A lesbian couple is suing the Trump administration and the state of South Carolina after the U.S. Department of Health and Human Services allowed foster care and child placement agencies to discriminate against prospective parents.
Lambda Legal, the American Civil Liberties Union, the ACLU of South Carolina, and the South Carolina Equality Coalition have filed a lawsuit on behalf of Eden Rogers and Brandy Welch, who claim they were discriminated against when their application to become foster parents was rejected by Miracle Hill Ministries of Greenville, S.C.
Miracle Hill has been in the news in recent months after the Trump administration granted a waiver to South Carolina allowing foster care agencies to cite their religious beliefs as justification for turning away potential foster or adoptive parents who are not evangelical Protestant Christian or same-sex couples of any faith.
In order to foster children, Miracle Hill requires prospective parents to sign a “doctrinal statement” stating that “God’s design for marriage is the legal joining of one man and one woman in a life-long covenant relationship.”
Welch, an accountant and cost engineer, and Rogers, an educator, are currently raising two daughters, ages 7 and 10, and want to open their home to foster children because of Rogers’ past family experiences.
“After family challenges, I helped raise my siblings. I know firsthand the fear and stress that children feel when they are forced to leave their homes,” Eden said in a statement. “As a mother and an educator, I want to make sure children in foster care have a safe, supportive, and loving home when they need one.”
The women, who are also members of the Unitarian Universalist Church, submitted an application indicating their desire to “provide and safe and loving environment” for children.
But Miracle Hill rejected the application, saying they felt “a religious obligation to partner with foster parents who share our beliefs and who are active in a Christian church” and that Miracle Hill would not be a good partner for in helping them find children to be placed in their home.
Welch and Rogers subsequently sued HHS and South Carolina, alleging discrimination. The lawsuit, filed in U.S. District Court for the District of South Carolina, claims that the waiver violates the Establishment, Equal Protection, and Due Process Clauses of the U.S. Constitution by authorizing Miracle Hill and other foster care agencies in the state to use religious criteria to screen out prospective parents because of their faith or sexual orientation.

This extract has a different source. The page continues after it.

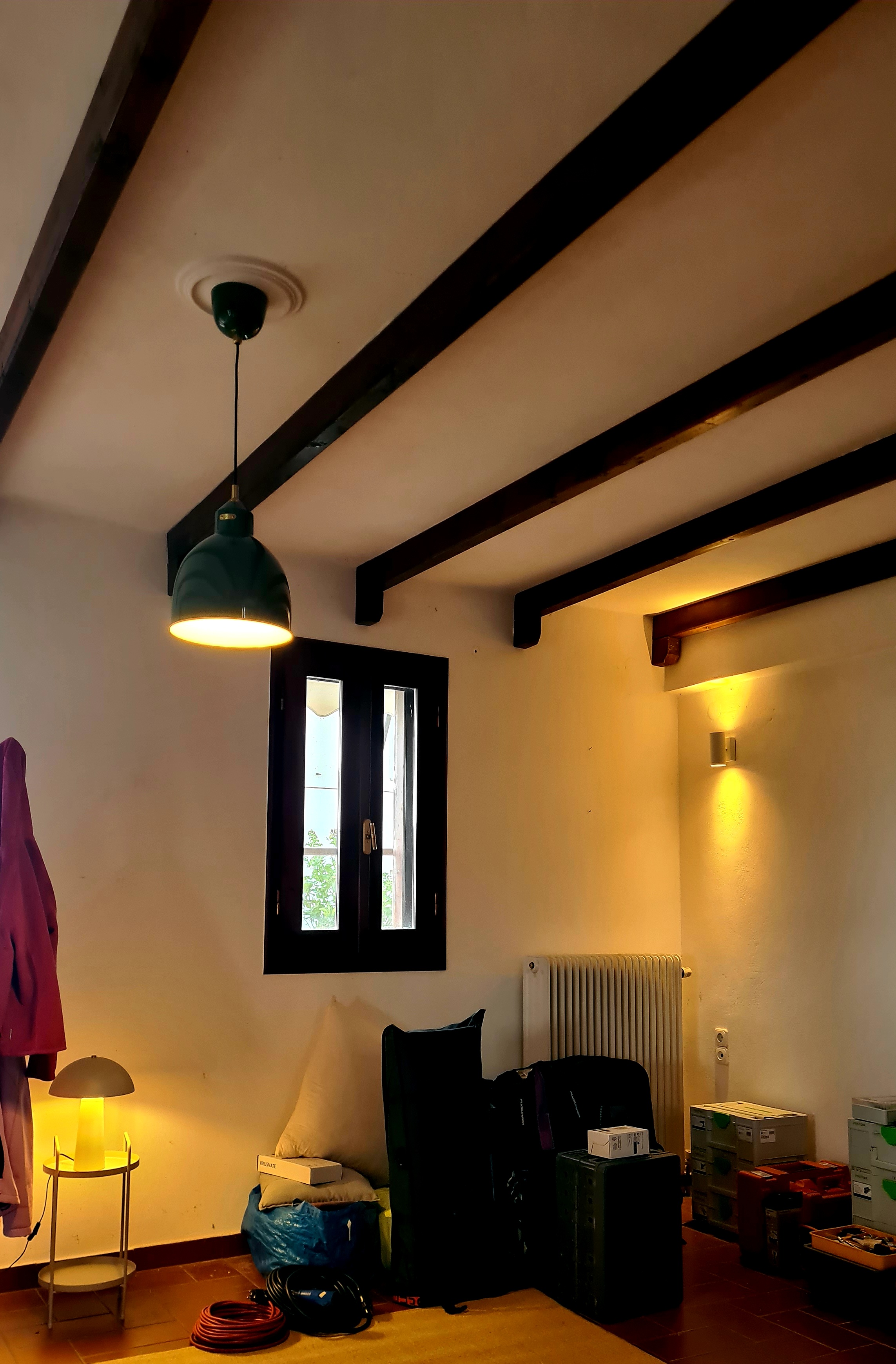 Heute wollen wir erst einmal die gefühlt 100 hässlichen Lampen im Haus austauschen und alle 1000 Dübellöcher zuschmieren. Die Lampen hier im Haus sind an Hässlichkeit kaum zu toppen.

“We work hard to raise our own two girls in a loving and stable home. Faith is a part of our family life, so it is hurtful and insulting to us that Miracle Hill’s religious view of what a family must look like deprives foster children of a nurturing, supportive home,” Welch said in a statement.
“Trump’s HHS and South Carolina should not be permitting foster care agencies that receive taxpayer money to care for wards of the State to disqualify potential foster parents because they don’t conform to a religious litmus test,” Currey Cook, counsel and director of Lambda Legal’s Youth in Out-of-Home Care Project, said in a statement. “Agencies have no right to exclude families because of their faith or sexual orientation…. By allowing Miracle Hill to discriminate against this couple, the government is not only favoring certain religious beliefs over others, but is also placing those beliefs above what is in the best interest of children in foster care.”
The ACLU of South Carolina reiterated its opposition to the waiver in a statement, objecting to the fact that Miracle Hill and agencies with similar beliefs are allowed to receive taxpayer money while discriminating against prospective parents.
“The state of South Carolina and the Trump Administration have turned their backs on the children of South Carolina who are in foster care,” said Susan Dunn, the legal director of the ACLU of South Carolina. “The 4,600 children in state care — many of whom live in group homes, are separated from siblings, or age out of foster care without ever becoming part of a family — need every qualified family that is willing to open their heart and home to a child. … Prospective foster and adoptive parents should be judged only on their capacity to provide love and support to a child.”
“There is simply no place for discrimination in our state’s foster care system,” Jeff Ayers, the executive director of South Carolina Equality, said in a statement. “South Carolina’s vulnerable children need loving families ready to give them loving homes. LGBTQ individuals and same-sex couples across South Carolina are those families, ready and able to provide those homes, and they should never be turned away just because they do not meet a foster care agency’s religious standards.”
Leslie Cooper, the deputy director of the ACLU’s LGBT & HIV Project, warned in a post on the ACLU’s website that the waiver allowing agencies to discriminate runs counter to the best interests of children in the foster care system.
“Giving states like South Carolina the green light to allow discrimination in the public child welfare system only adds to the shortage of families willing to foster or adopt a child in state custody,” Cooper wrote. “Families who are rejected by an agency because of their faith or sexual orientation may not have other options in their area. Even if they do, the sting and humiliation of discrimination may deter some from approaching other agencies to possibly face more discrimination.
“When families are deterred from fostering, this means that more children will be placed in group homes, separated from siblings, and age out of foster care without ever being adopted,” Cooper added. “Simply put, HHS and South Carolina have turned child welfare practice on its head by putting the interests of taxpayer-funded agencies above the interests of the children in their care.”